Over time, your agent accumulates not just a snapshot of your closet but a longitudinal record of how your preferences shift, which brands hold up, which purchases were mistakes, and which silhouettes you keep returning to even as trends change. That record is something no styling app currently builds, because they optimize for the next purchase rather than for the long arc of your relationship with your clothes.
How many items do I need to audit for this to work? Start with one category: all your tops, or all your pants, or all your outerwear. Twenty to thirty items with honest annotations is more useful than a hundred items with vague descriptions.

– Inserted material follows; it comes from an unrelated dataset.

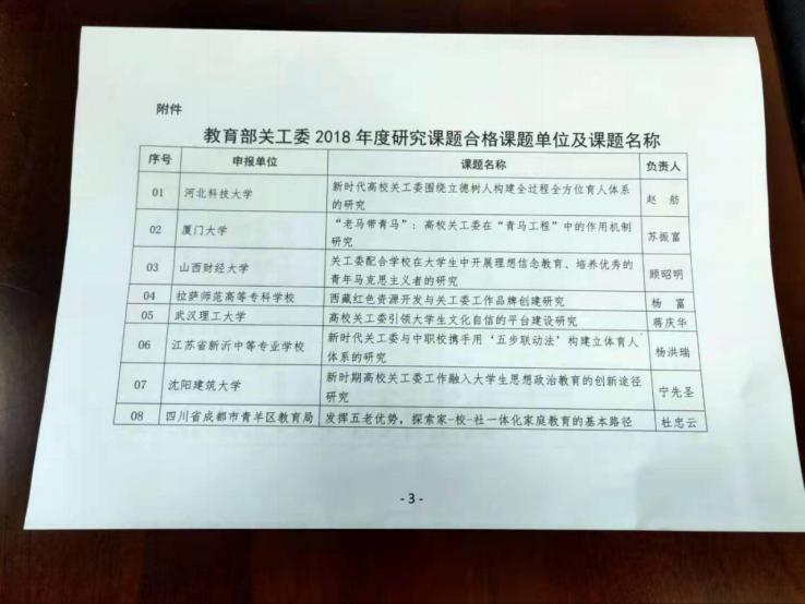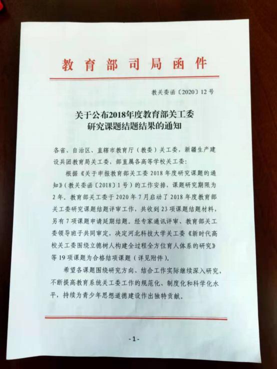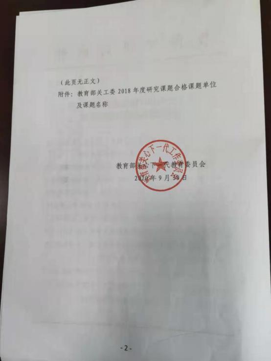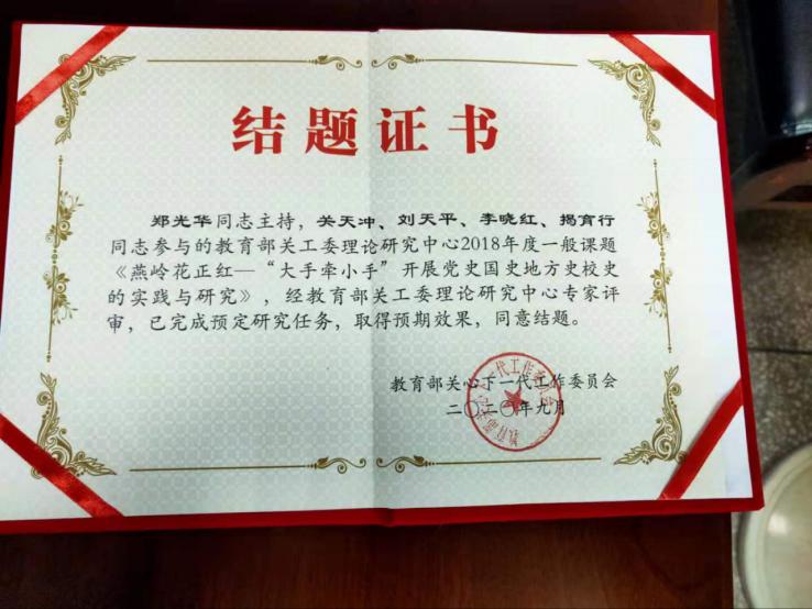 近日,我校关工委收到教育部关工委寄来《关于公布2018年度教育部关工委研究课题结题的通知》和《结题证书》。由我校关工委郑光华老师主持,关天冲、李晓红、刘天平、揭育行等老师参与的课题《燕岭花正红—— “大手牵小手”开展党史国史地方史校史的实践与研究》,经专家通讯评审、教育部关工委领导班子共同审定为合格结项课题。

You can audit other categories later, but a single well-documented category is enough to test whether your agent is learning.
Does my agent need to see photos, or can I just describe the items? Photos help enormously, because multimodal AI models can identify color, pattern, silhouette, and fabric texture from images in ways that complement your verbal descriptions. But if you're using a text-only agent, detailed descriptions work: "Navy cotton crew neck, heavyweight, slim fit, no graphics, slightly faded from washing" is enough to distinguish one shirt from another.
What if I genuinely don't know why I avoid certain clothes? Put the garment on. Walk around for five minutes. The reason will usually surface physically before it surfaces linguistically: you'll tug at a collar, pull at a hemline, notice the fabric bunching at your waist when you sit down. Narrate what your body does, and your agent will extract the preference from the behavior.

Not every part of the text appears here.